I don’t really understand this question- the test is essentially checking that there is a well formed transaction, submits it to the node, then checks if the p2p connection received the transaction. the goal is to isolate (as much as possible) the reason the conn didn’t receive the transaction is due to being a block-relay-only connection.

glozow commented at 2:27 am on September 27, 2020:

Hm, I guess I found it odd because sendrawtransaction will throw a JSONRPCError if validation fails just like testmempoolaccept would return False. I don’t think they’d have different results unless mempool changes in between calls or something. So it seems like something unnecessary that the test needs to pass. It doesn’t make the test incorrect or anything ofc, just seemed peculiar

jnewbery commented at 11:48 am on November 11, 2020:

I agree. This doesn’t seem necessary. You could just as easily call sendrawtransaction and then getmempoolentry to confirm that the transaction reached the mempool.

amitiuttarwar commented at 9:44 pm on November 17, 2020:

ok. I didn’t look closely at exactly what errors testmempoolaccept returns vs sendrawtransaction. I think I probably just copied the existing pattern in the tests. @glozow - are you suggesting I should just delete this line? (fine by me, just trying to understand) @jnewbery your suggestion just seems like an alternative that’s about the same?

MarcoFalke commented at 6:45 am on November 18, 2020:

sendrawtransaction error handling is undocumented, but it will indeed return an jsonrpc error when the tx couldn’t be added to the mempool

glozow commented at 2:01 am on November 23, 2020:

Yep, testmempoolaccept is unnecessary here. And if you need to make sure it’s in mempool then submit + getmempoolentry is the move.

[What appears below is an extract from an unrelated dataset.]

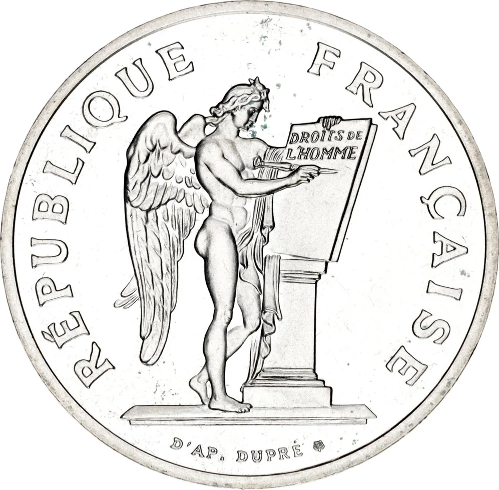 A genius writes "HUMAN RIGHTS" on a table, a motif from Augustin Dupré, encircled by "FRENCH REPUBLIC."
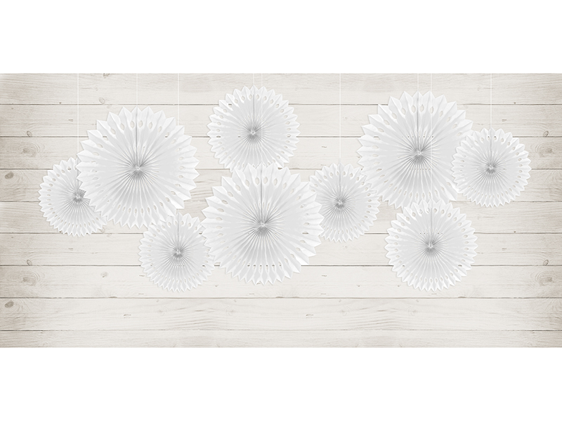 Rozety dekoracyjne wykonane z bibuły w kolorze białym, średnice po złożeniu ok. 20 cm, 25 cm i 30 cm. (1 op. / 3 szt.)

amitiuttarwar commented at 7:22 pm on November 28, 2020:

removed testmempoolaccept call

in test/functional/p2p_blocksonly.py:73 in 3bb87e7fb2 outdated

66             second_peer.wait_for_tx(txid)
67             assert_equal(self.nodes[0].getmempoolinfo()['size'], 1)
68         self.log.info("Forcerelay peer's transaction is accepted and relayed")
69 
70+        self.nodes[0].disconnect_p2ps()
71+        self.nodes[0].generate(1)

glozow commented at 2:48 pm on August 28, 2020:

Is this to clear the mempool?

amitiuttarwar commented at 0:44 am on September 22, 2020:

yup, resetting to clean state for next test

in test/functional/p2p_blocksonly.py:100 in 3bb87e7fb2 outdated

89+        assert_equal(self.nodes[0].testmempoolaccept([tx_hex])[0]['allowed'], True)
90+        self.nodes[0].sendrawtransaction(tx_hex)
91+        conn.sync_with_ping()
92+        assert(int(txid, 16) not in conn.get_invs())
93+
94+    def check_p2p_tx_violation(self, index=1):

glozow commented at 2:54 pm on August 28, 2020:

nit: I think height would be more clear than index

amitiuttarwar commented at 0:45 am on September 22, 2020:

thanks but I’m a pass. its true that this number is used for block height, but I think index is more accurate to what’s passed in, and height is how the index is used

jnewbery commented at 10:56 am on January 8, 2021:

(re: #19315 (review))

I don’t think you need to pass the height at all. Just get the block at the tip:

 0diff --git a/test/functional/p2p_blocksonly.py b/test/functional/p2p_blocksonly.py
 1index c592ab52b1..e6c3f75955 100755
 2--- a/test/functional/p2p_blocksonly.py
 3+++ b/test/functional/p2p_blocksonly.py
 4@@ -80,7 +80,7 @@ class P2PBlocksOnly(BitcoinTestFramework):
 5         # Ensure we disconnect if a block-relay-only connection sends us a transaction
 6         self.nodes[0].add_outbound_p2p_connection(P2PInterface(), p2p_idx=0, connection_type="block-relay-only")
 7         assert_equal(self.nodes[0].getpeerinfo()[0]['relaytxes'], False)
 8-        _, txid, tx_hex = self.check_p2p_tx_violation(index=2)
 9+        _, txid, tx_hex = self.check_p2p_tx_violation()
10 
11         self.log.info("Check that txs from RPC are not sent to blockrelay connection")
12         conn = self.nodes[0].add_outbound_p2p_connection(P2PTxInvStore(), p2p_idx=1, connection_type="block-relay-only")
13@@ -97,9 +97,10 @@ class P2PBlocksOnly(BitcoinTestFramework):
14         conn.sync_with_ping()
15         assert(int(txid, 16) not in conn.get_invs())
16 
17-    def check_p2p_tx_violation(self, index=1):
18+    def check_p2p_tx_violation(self):
19         self.log.info('Check that txs from P2P are rejected and result in disconnect')
20-        input_txid = self.nodes[0].getblock(self.nodes[0].getblockhash(index), 2)['tx'][0]['txid']
21+
22+        input_txid = self.nodes[0].getblock(self.nodes[0].getbestblockhash(), 2)['tx'][0]['txid']
23         tx = create_transaction(self.nodes[0], input_txid, self.nodes[0].getnewaddress(), amount=(50 - 0.001))
24         txid = tx.rehash()
25         tx_hex = tx.serialize().hex()

glozow commented at 2:57 pm on August 28, 2020: member

Concept ACK! Super excited for testing outbounds in functional tests!!! This is way less complicated than I imagined, but I still feel like there’s some documentation lacking. I also nitpicked a little (sorry heh).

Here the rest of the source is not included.